Obesity is a significant risk factor for the development and progression of atrial fibrillation (AF). We have recently demonstrated for the first time in a randomized trial that weight loss is associated with a reduction in AF burden in overweight and obese individuals. The mechanisms by which weight loss results in reduction in AF burden remain uncertain, however.
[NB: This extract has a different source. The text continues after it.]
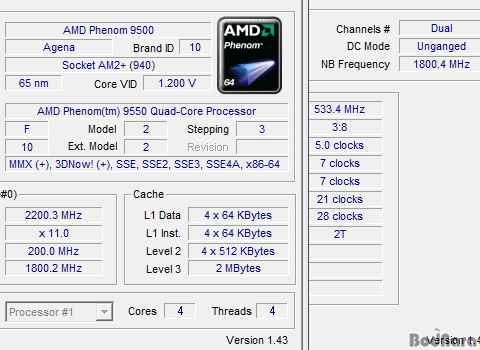 X4 9500°ú µ¿ÀÏÇÑ 2.2GHz µ¿ÀÛ Å¬·° (200MHzx11)À» °®Ãß°í ÀÖÀ¸¸ç À̹ۿ¡ 4x128KB

Pericardial adipose tissue has recently emerged as a risk factor for the development of AF independent of traditional metabolic risk factors including measures of systemic obesity, such as body mass index (BMI). Observations suggest that pericardial adipose tissue may be a unique metabolically active visceral adipose depot and an important source of inflammatory and profibrotic cytokines, thereby potentially influencing contiguous cardiac pathologic changes. In the ventricular chambers, autopsy studies have shown a strong correlation between myocardial mass and pericardial adipose volume, independent of the underlying ventricular pathology, suggesting myocardial structural remodeling may, in part, be influenced by overlying pericardial adipose tissue.

The aim of this current study was, therefore, to evaluate the effect of weight loss on pericardial adipose stores and cardiac structure in overweight/obese individuals with paroxysmal AF using cardiac magnetic resonance (CMR) imaging.